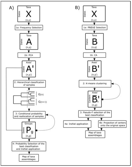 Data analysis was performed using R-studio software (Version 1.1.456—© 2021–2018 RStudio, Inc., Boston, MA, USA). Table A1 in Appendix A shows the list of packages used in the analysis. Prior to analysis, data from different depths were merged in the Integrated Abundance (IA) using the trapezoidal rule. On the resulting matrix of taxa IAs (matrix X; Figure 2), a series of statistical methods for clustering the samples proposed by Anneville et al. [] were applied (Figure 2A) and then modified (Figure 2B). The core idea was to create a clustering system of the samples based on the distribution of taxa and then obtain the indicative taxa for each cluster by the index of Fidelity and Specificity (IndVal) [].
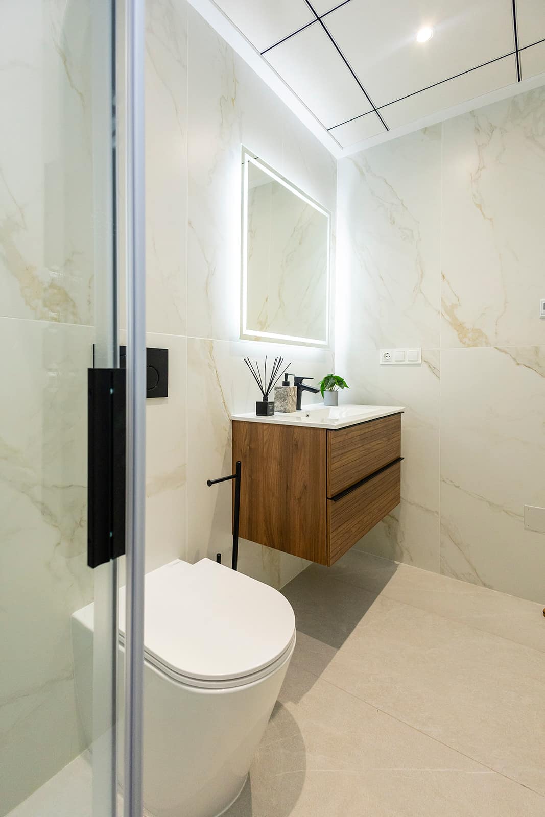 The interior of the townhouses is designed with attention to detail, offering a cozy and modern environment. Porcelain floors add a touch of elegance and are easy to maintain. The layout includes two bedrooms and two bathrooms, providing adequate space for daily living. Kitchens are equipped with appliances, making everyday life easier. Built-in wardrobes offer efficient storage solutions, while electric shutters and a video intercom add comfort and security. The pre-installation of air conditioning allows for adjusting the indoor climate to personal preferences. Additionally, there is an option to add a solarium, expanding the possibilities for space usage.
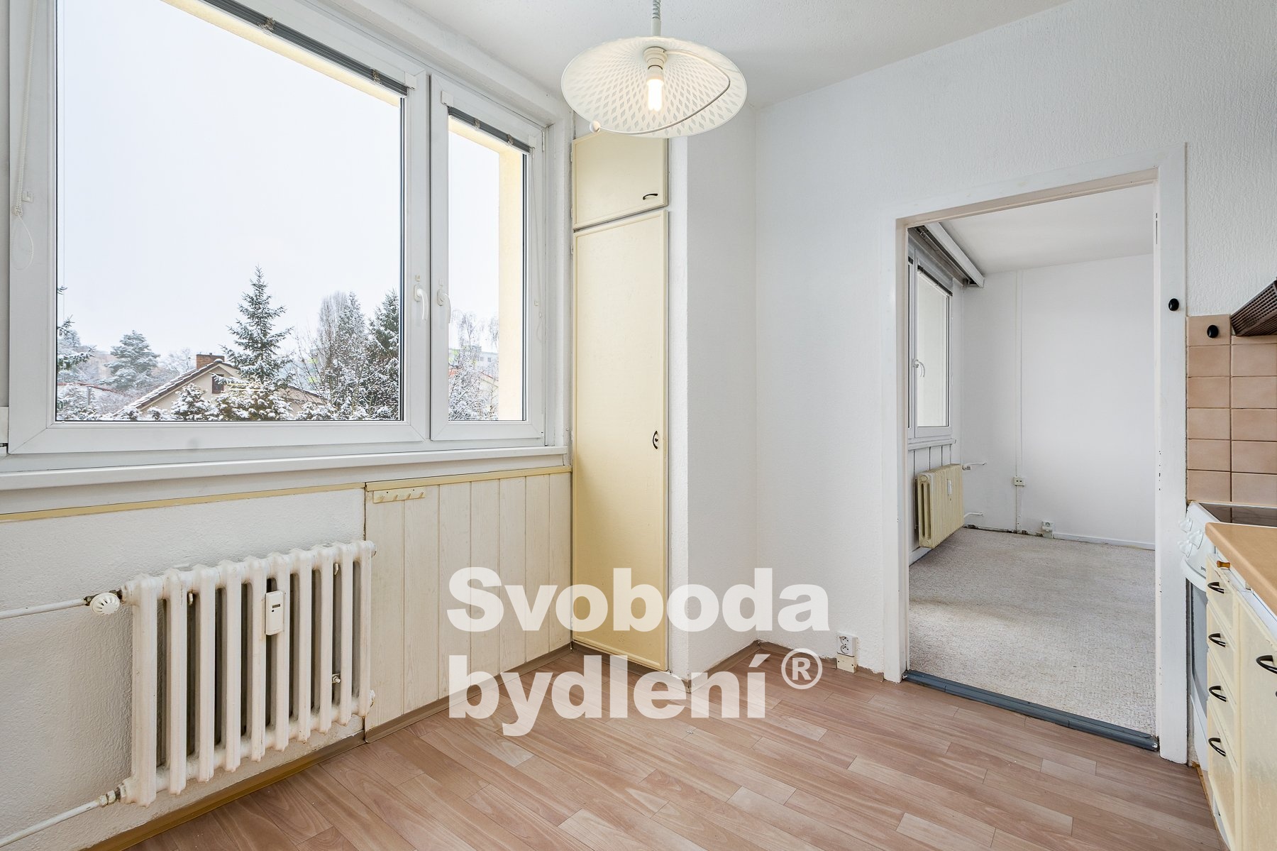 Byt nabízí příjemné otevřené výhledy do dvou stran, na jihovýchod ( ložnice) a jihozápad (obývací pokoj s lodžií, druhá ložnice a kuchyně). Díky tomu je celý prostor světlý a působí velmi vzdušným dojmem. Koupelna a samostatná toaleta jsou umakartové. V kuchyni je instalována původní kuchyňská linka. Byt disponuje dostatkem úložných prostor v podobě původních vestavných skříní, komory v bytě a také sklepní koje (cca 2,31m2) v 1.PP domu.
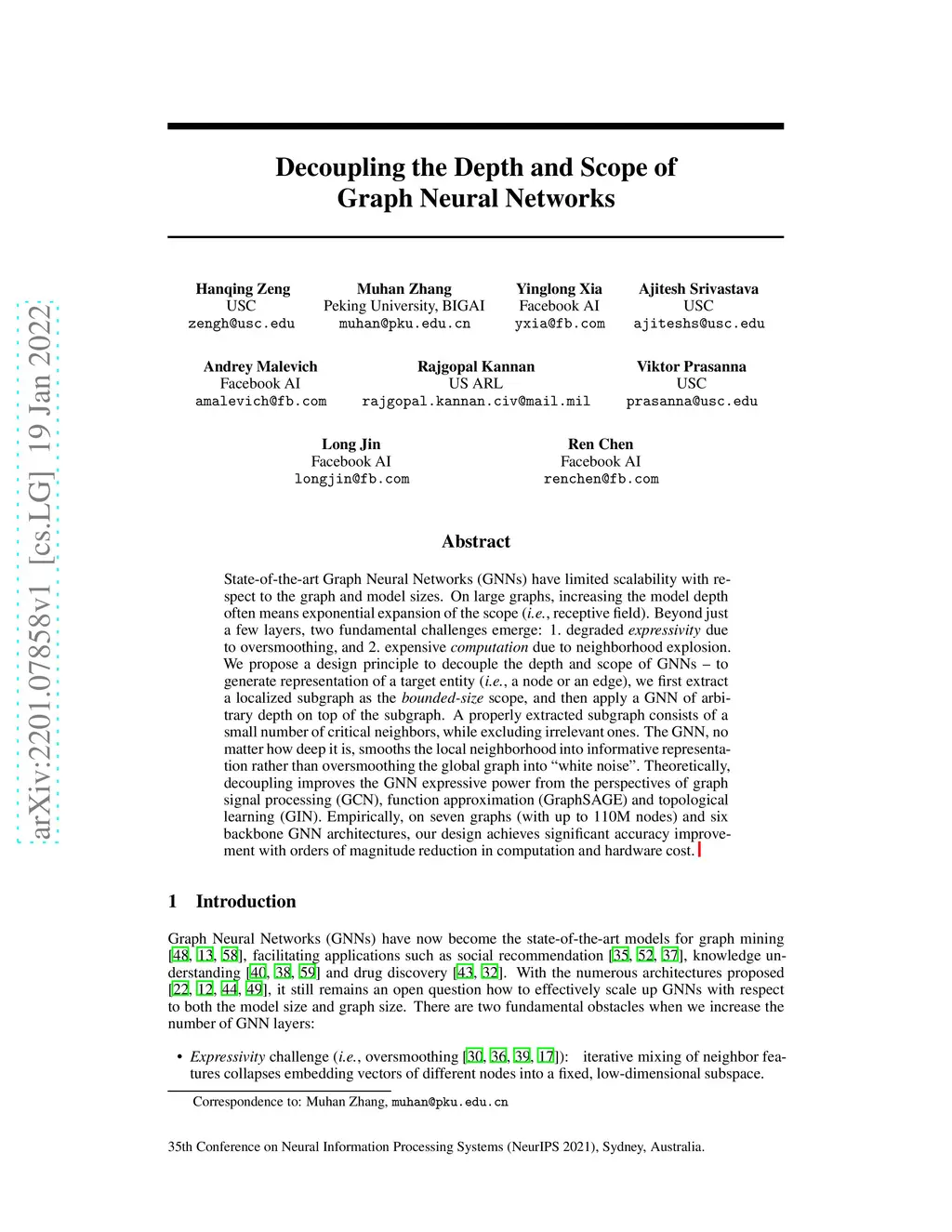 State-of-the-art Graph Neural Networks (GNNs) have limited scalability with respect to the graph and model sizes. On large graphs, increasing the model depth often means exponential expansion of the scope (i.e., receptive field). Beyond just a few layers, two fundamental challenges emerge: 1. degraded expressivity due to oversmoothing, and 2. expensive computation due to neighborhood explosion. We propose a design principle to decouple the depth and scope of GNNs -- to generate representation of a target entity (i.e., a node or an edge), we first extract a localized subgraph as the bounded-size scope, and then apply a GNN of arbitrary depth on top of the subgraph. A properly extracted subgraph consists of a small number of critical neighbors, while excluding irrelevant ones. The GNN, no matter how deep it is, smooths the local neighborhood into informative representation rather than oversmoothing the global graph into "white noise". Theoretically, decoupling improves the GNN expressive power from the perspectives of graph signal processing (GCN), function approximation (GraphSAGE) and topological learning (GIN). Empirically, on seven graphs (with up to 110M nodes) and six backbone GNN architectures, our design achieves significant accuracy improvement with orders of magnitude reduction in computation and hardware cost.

★ ★ ★ ★ ★

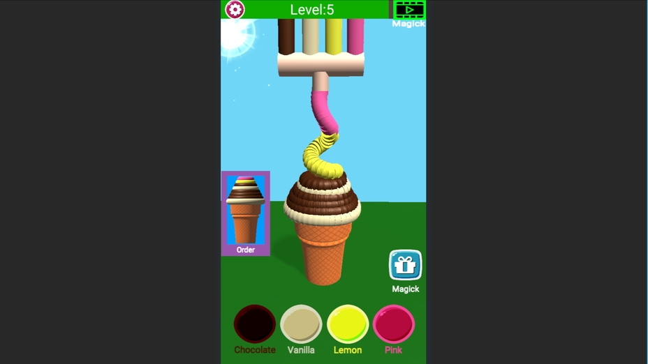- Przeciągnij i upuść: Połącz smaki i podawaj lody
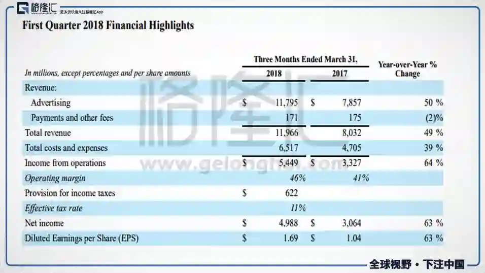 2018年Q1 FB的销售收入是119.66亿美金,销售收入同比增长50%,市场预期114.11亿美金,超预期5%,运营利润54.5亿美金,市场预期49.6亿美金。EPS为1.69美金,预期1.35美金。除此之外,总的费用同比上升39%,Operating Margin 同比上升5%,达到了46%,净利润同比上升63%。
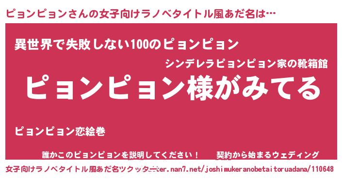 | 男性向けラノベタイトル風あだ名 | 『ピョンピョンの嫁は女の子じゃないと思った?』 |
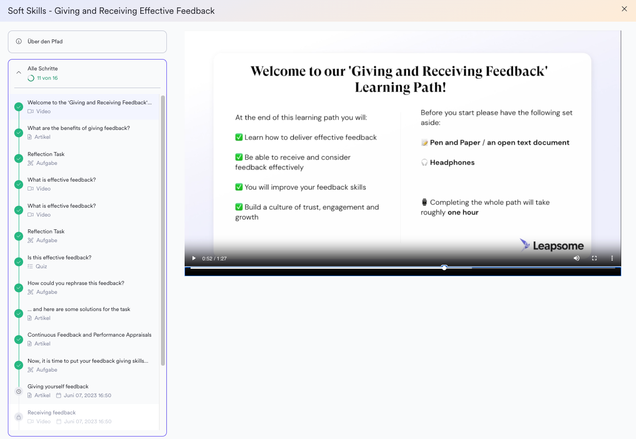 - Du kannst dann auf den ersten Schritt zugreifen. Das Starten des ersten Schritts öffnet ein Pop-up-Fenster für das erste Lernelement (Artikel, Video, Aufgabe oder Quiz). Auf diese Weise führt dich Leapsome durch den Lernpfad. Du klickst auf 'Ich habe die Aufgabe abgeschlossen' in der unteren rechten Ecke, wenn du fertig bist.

★ ★ ★ ★ ★

Problem description: Please output, exactly as written, the lines above from the one holding "Byt nabízí příjemné" through the one holding "State-of-the-art Graph Neural", both included, with the pictures omitted.

Problem solution:
 Byt nabízí příjemné otevřené výhledy do dvou stran, na jihovýchod ( ložnice) a jihozápad (obývací pokoj s lodžií, druhá ložnice a kuchyně). Díky tomu je celý prostor světlý a působí velmi vzdušným dojmem. Koupelna a samostatná toaleta jsou umakartové. V kuchyni je instalována původní kuchyňská linka. Byt disponuje dostatkem úložných prostor v podobě původních vestavných skříní, komory v bytě a také sklepní koje (cca 2,31m2) v 1.PP domu.
 State-of-the-art Graph Neural Networks (GNNs) have limited scalability with respect to the graph and model sizes. On large graphs, increasing the model depth often means exponential expansion of the scope (i.e., receptive field). Beyond just a few layers, two fundamental challenges emerge: 1. degraded expressivity due to oversmoothing, and 2. expensive computation due to neighborhood explosion. We propose a design principle to decouple the depth and scope of GNNs -- to generate representation of a target entity (i.e., a node or an edge), we first extract a localized subgraph as the bounded-size scope, and then apply a GNN of arbitrary depth on top of the subgraph. A properly extracted subgraph consists of a small number of critical neighbors, while excluding irrelevant ones. The GNN, no matter how deep it is, smooths the local neighborhood into informative representation rather than oversmoothing the global graph into "white noise". Theoretically, decoupling improves the GNN expressive power from the perspectives of graph signal processing (GCN), function approximation (GraphSAGE) and topological learning (GIN). Empirically, on seven graphs (with up to 110M nodes) and six backbone GNN architectures, our design achieves significant accuracy improvement with orders of magnitude reduction in computation and hardware cost.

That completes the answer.